When travel is a bawl

Photo: Getty Images
Photo: Getty Images
You don't need more than a warm smile to fly with babies, writes Eva Wiseman. 

I boarded a flight home and sat next to a woman with her small baby. The woman was panicking. She was trying to modulate her breathing, but she was sweating, and I could smell the stress on her breath, and then her baby started crying. As we started to take off, she grabbed my hand. We hadn't made eye contact at this point - we didn't share a language, she was an Orthodox Jew and spoke only Hebrew, I was a cynical Londoner who only spoke internet - but she squeezed my hand and I knew what to do. I asked if she wanted me to take her baby and she quickly shuffled him on to my lap, then put her head between her knees, her hand still gripping mine. Soon, the baby stopped crying, and I sang gentle songs to him, and though this wasn't recent, it remains maybe the best flight experience of my life.

Which is why a new cultural development has not just irritated me but left me ... baffled?
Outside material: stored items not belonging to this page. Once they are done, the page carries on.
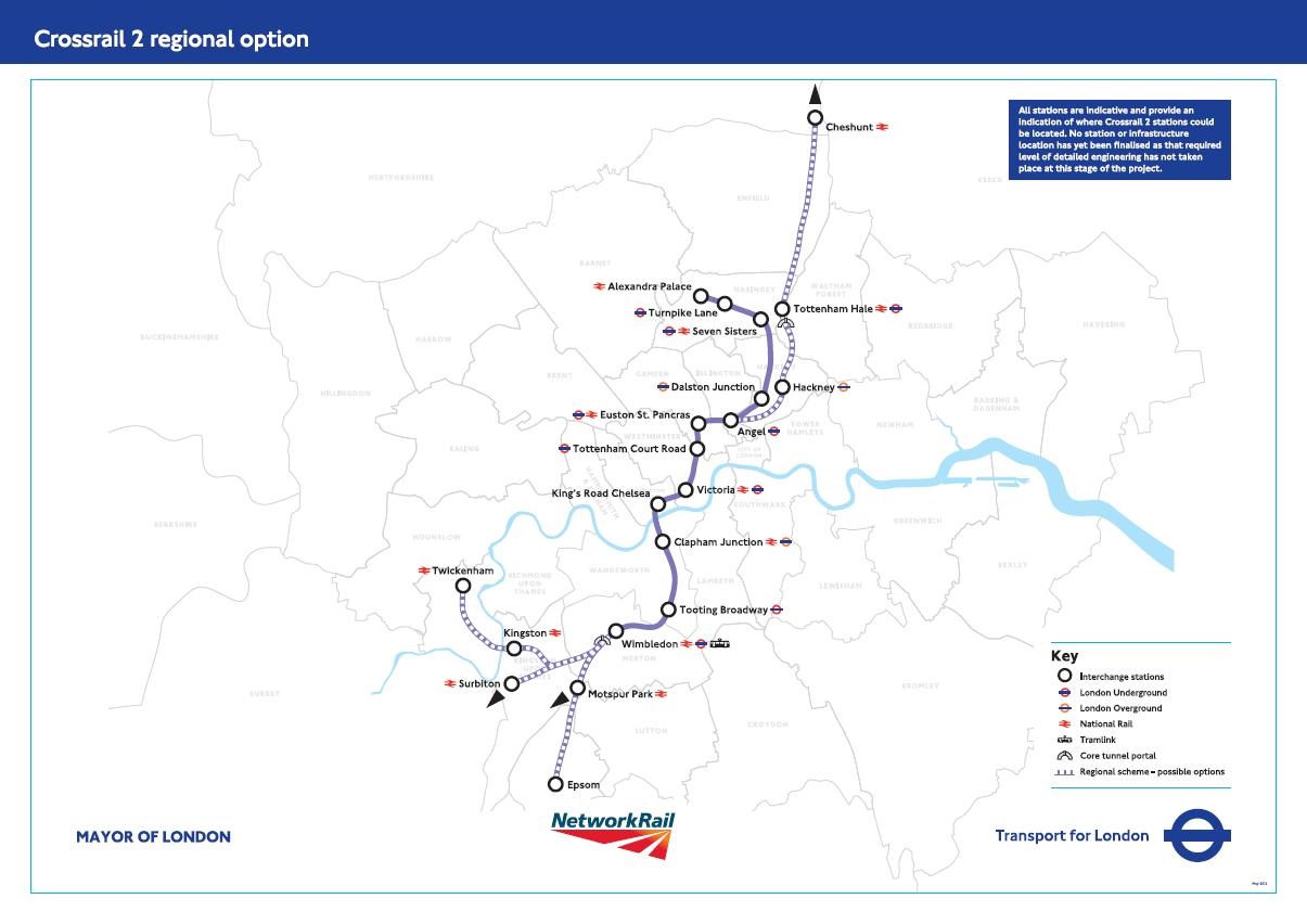 (Image: Crossrail 2 regional option map, c. Transport for London)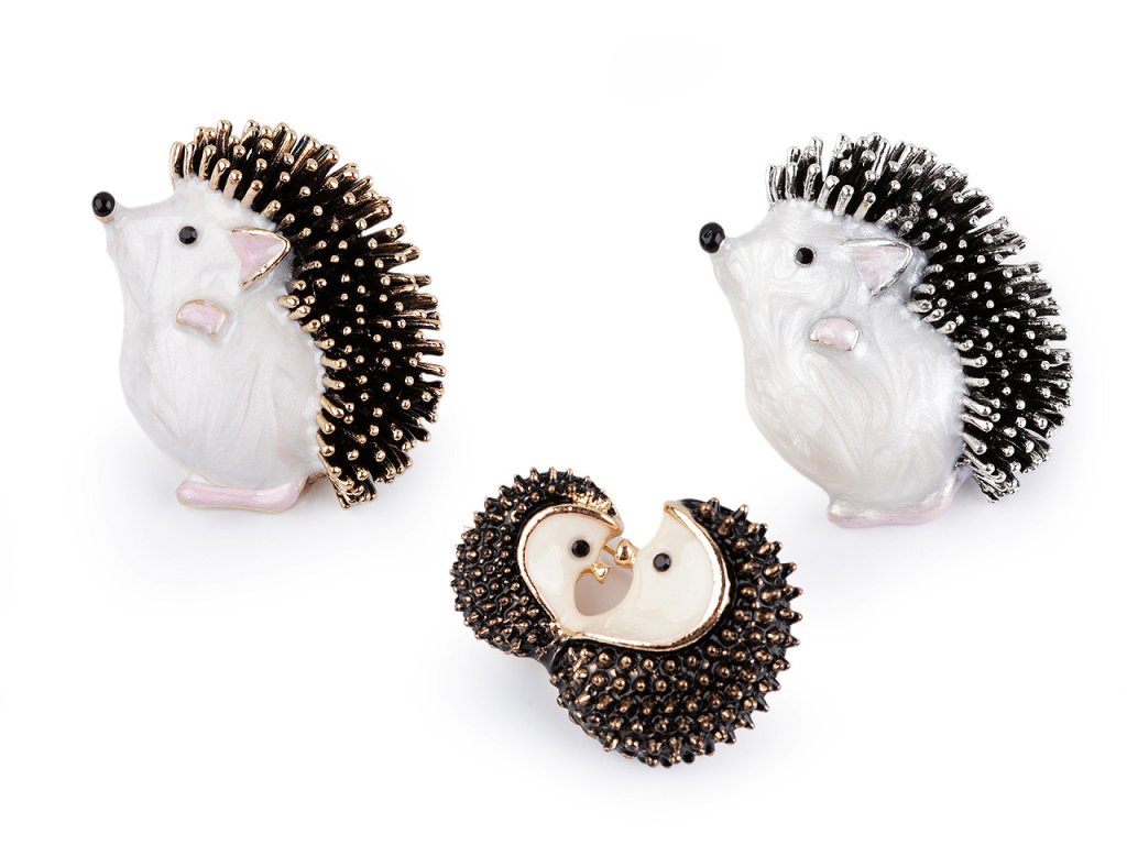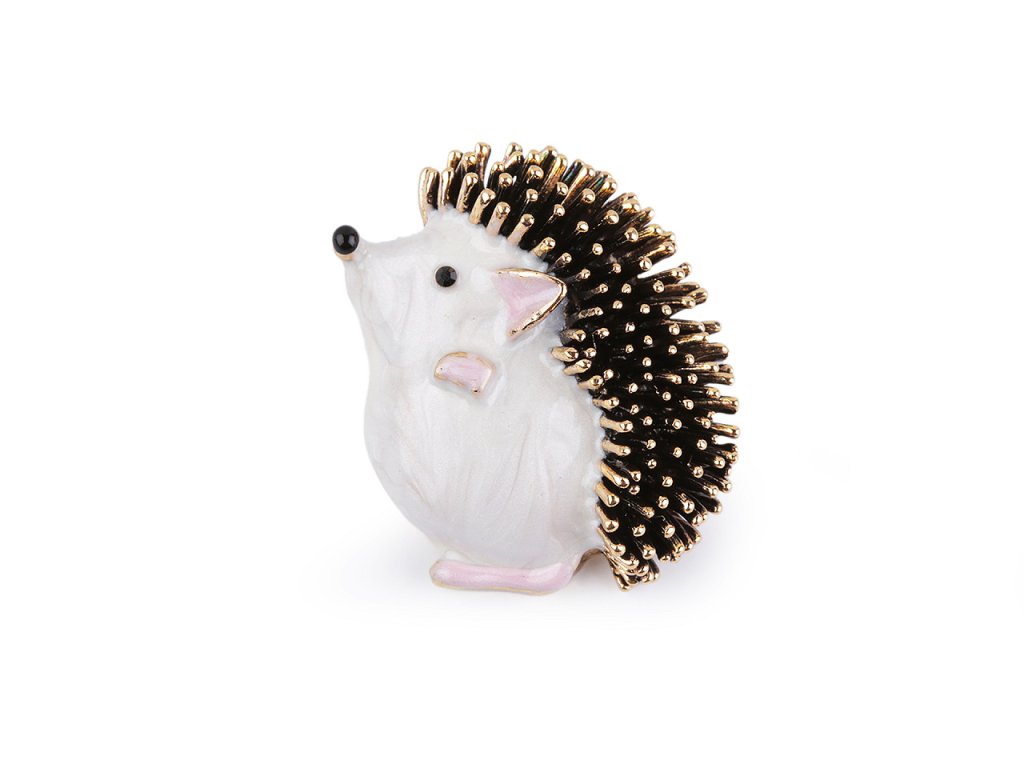 Brož ježka s barevným smaltem bude zajímavou ozdobou vašeho oděvu. Je perfektně zpracovaná s precizním zaměřením na detaily. Smalt má perleťový nádech, bodliny mají kovový lesk. Ze zadní strany je brožový špendlík.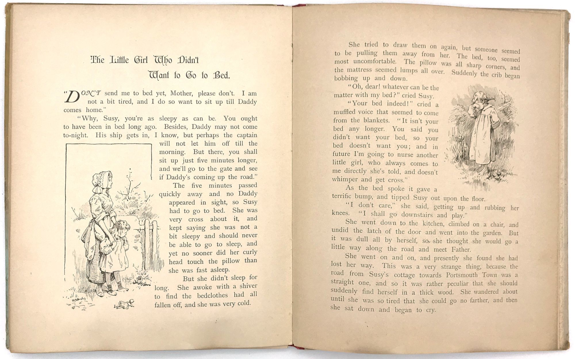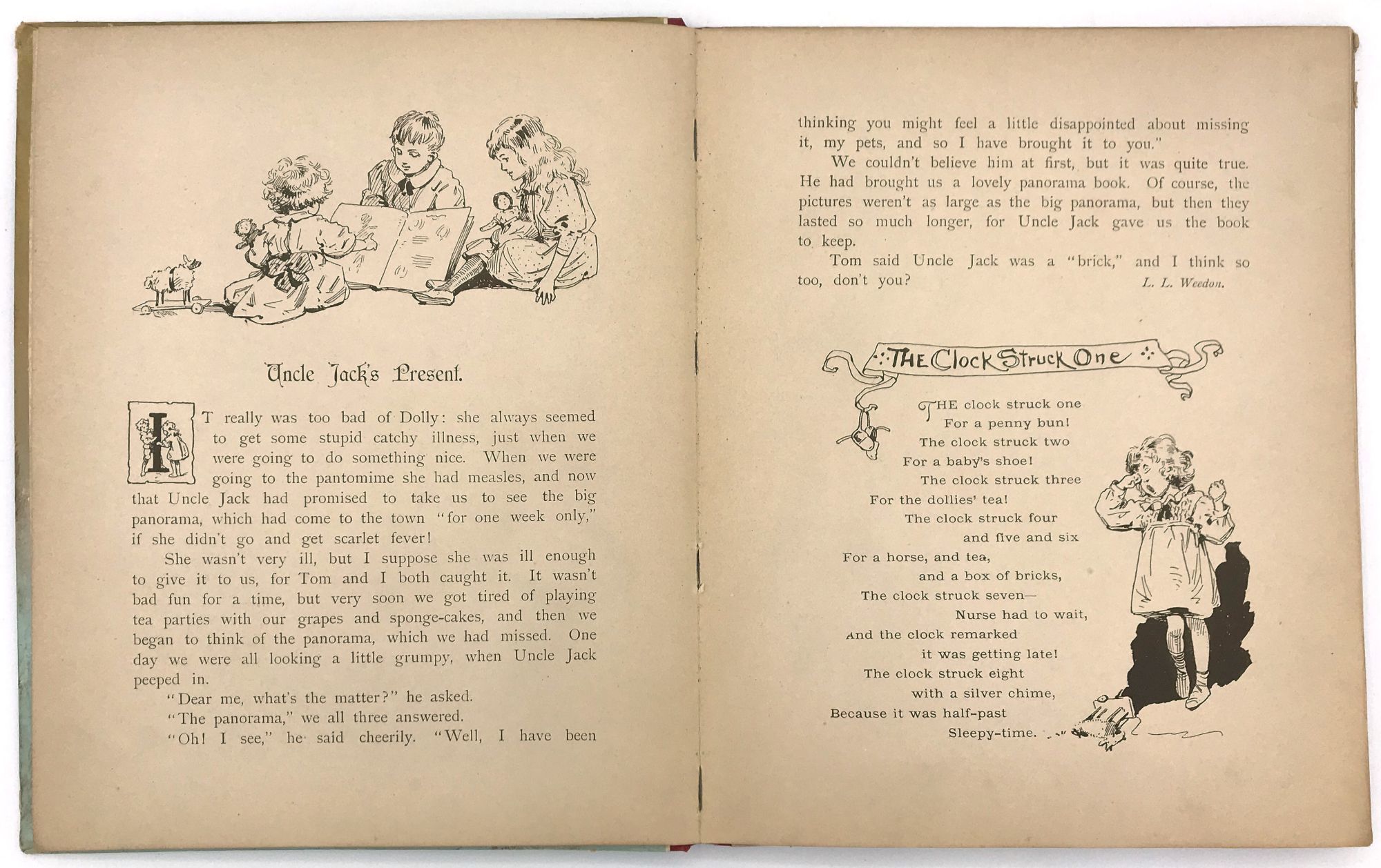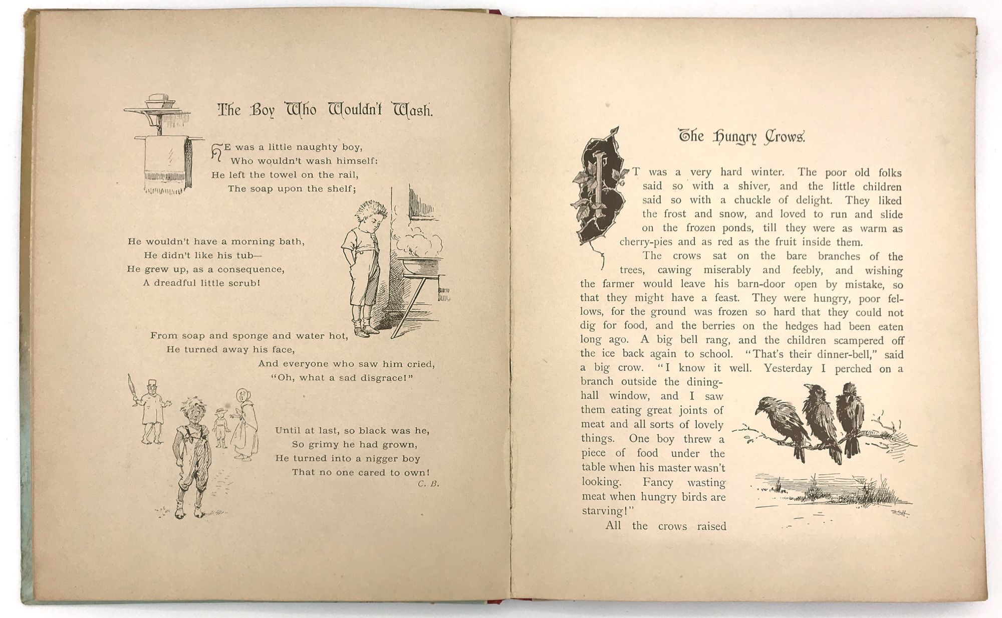 London and New York: Ernest Nister and E.P. Dutton & Co. Fine; extremities rubbed, central pop-up detached from spine.. A charming illustrated children's book of poetry and prose with four (4) two-page pop-up spreads depicting: a farmer and son plowing a field with horses; a sleeping child among a gentle flock of sheep and lambs; four children playing with toys in a living room; and another group of six children playing in boats and feeding swans, ducks, and their little ducklings. There are fourteen different short rhymes and stories, including "The Boy Who Wouldn't Wash", "The Little Fish and the Oyster", and "The Sand Castle". 4to (9.75" by 8"), pp. 28, with in-text illustrations and 4 full-spread pop-up scenes. Bound in original illustrated chromolithographed boards with patterned endpapers, red cloth spine.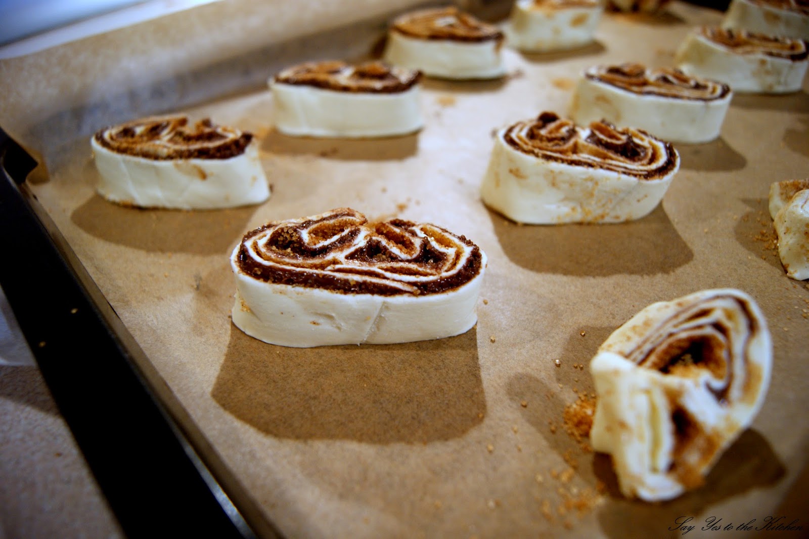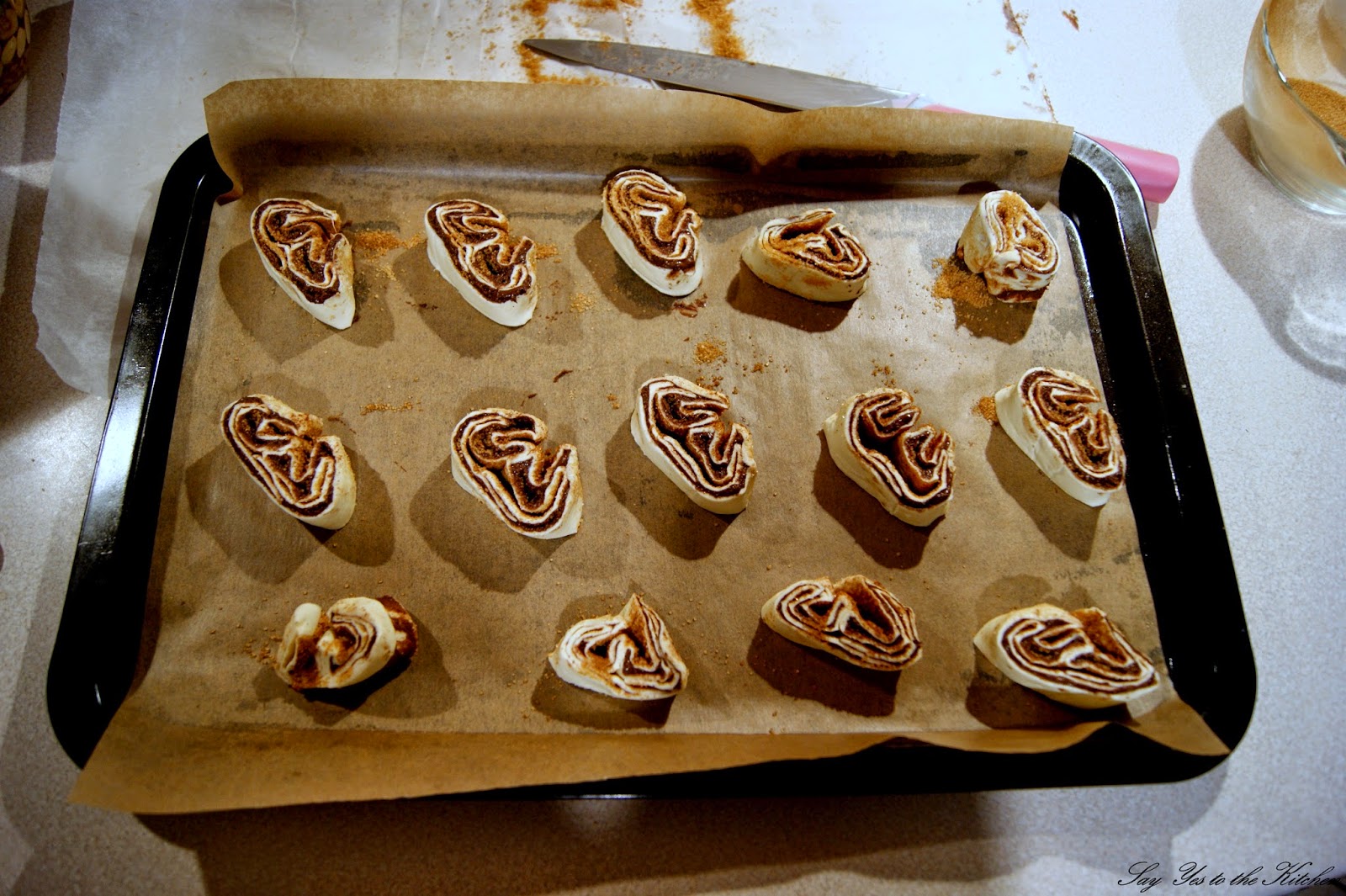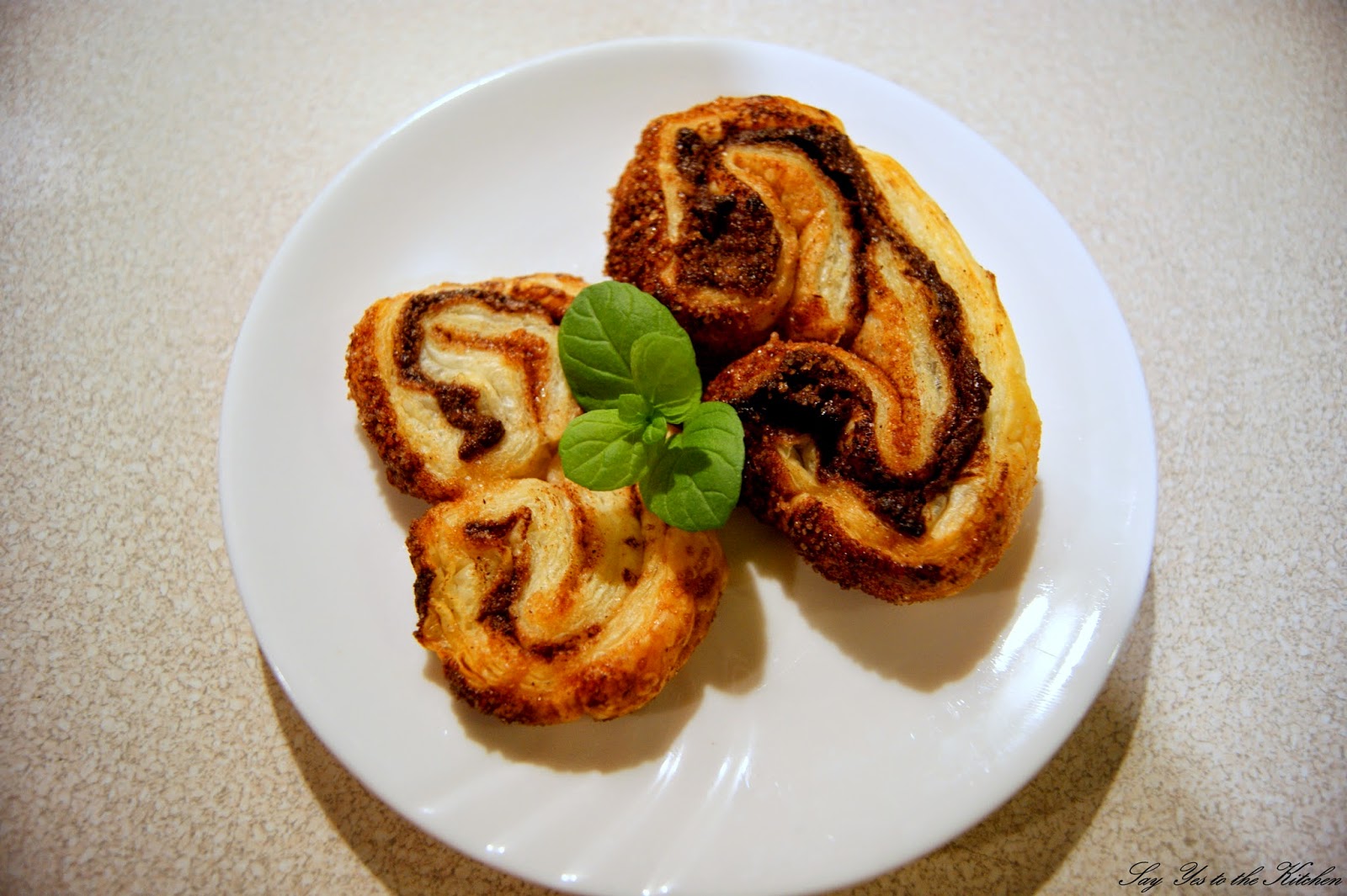 Cukier mieszamy z cynamonem i ziarenkami wanilii . Rozkładamy ciasto francuskie na blaszce wyłożonej papierem do pieczenia. Tak przygotowane ciasto smarujemy Nutellą, i posypujemy przygotowaną mieszanką. Składamy boki do połowy ciasta. Czynność powtarzamy i składamy ciasto jak książkę i kroimy w centymetrowe plasterki. Układamy na przygotowanej blaszce, w dość dużych odstępach od siebie.

When a Facebook post went viral - a mother who was flying from Seoul to San Francisco with a four-month-old baby handed out 200 sets of ear plugs to her fellow passengers before they took off - I fell down an internet hole and couldn't climb out. I found myself on a Pinterest page called Baby's First Flight Goodie Bags. These were a little like the going-home bags children receive at the end of a party, but where those would typically contain a dense glob of cake and bright piece of unidentifiable plastic destined to become the final thing we see as it floats past us on the wave of molten effluvia just before the world ends, these contained ear plugs, a pack of mints and a note. "Hello, new friend!" the note might say, the words often printed in Comic Sans to signify a child's voice. "I might be good, I might be bad, I'm sorry if I make you mad! I might cry or wet my pants, so I'd like to apologise in advance. Love, Crittal, nine months old."

The response to the Seoul mother's thoughtfulness was pink and bathed in light, and soundtracked with a chorus of awww's. People loved it. But me, no. I understand the aww-ers, the "kindness of strangers"-ers, the people sharing this woman's frantic attempts to make her flight like, 8% less awful, and a sign of how not all people are selfish beasts. But by approving this behaviour, they're revealing and reinforcing expectations of how a parent should behave, and triggering an inevitable flood of further attempts by parents to placate passengers, before then placating the kid. This is a trend that will swell in size until it swallows trains, too, then buses, then bikes. George and Amal Clooney did it when travelling with their twins (the headphones were branded with the logo of George's tequila company, which was a nice touch), and Niall Horan (formerly of One Direction) tweeted in awe about finding a baby's care package on his seat. In time, upon sight of a child, passengers will line up stony-faced to receive their charming pre-apology snacks.

There is no part of me that thinks a mother, having a weekend alone before a long-haul flight, would chuckle to herself, "Ha, this will be delightful," before meticulously building a production line of small things, bought in bulk, and then, after a two-hour trip to the airport, having woken at four, joyously sprinkling them on strangers' seats. Nope. Instead, the anxiety will have started approximately one month before, a dawn-seeing teeth-grinding frantically Googling worry about other people's discomfort, and then, what it says about her. They will resent her, they will expose her as a bad mother, they will groan, and turn, and stare. Like a pearl, which is born of animal pain yet is shared and sold in wonder, this bag of ear plugs and don't-hate-me's may emerge as a kind gesture, but it is created in a state of fear.

Phew. Who knew I'd have so much bile for a bag of sweets? The reason it annoys me so much is that it's another way to garnish yet more horror on an already extremely stressful experience, and layers further expectations of perfection on to a person who is struggling.

A year after holding the stranger's baby, I flew with my own, who screamed, of course, and I tried not to make eye contact with my fellow passengers, stranded on the Gatwick tarmac. But soon a stranger offered her some fruit, and another smiled at me so warmly I welled up.

We should not feel bad when babies act like babies. We should, however, question why adults must be treated like children. Rather than a gesture of true human kindness, to me this goody bag looks like a sign of the opposite. It's a sign that parents expect only bad looks from people rinsed of empathy, and have scrabbled for days to try to counter them.

For me, the suggestion that mothers will now be expected not just to parent their infant child but an entire plane full of strangers leaves a bitterness that no mint could sweeten.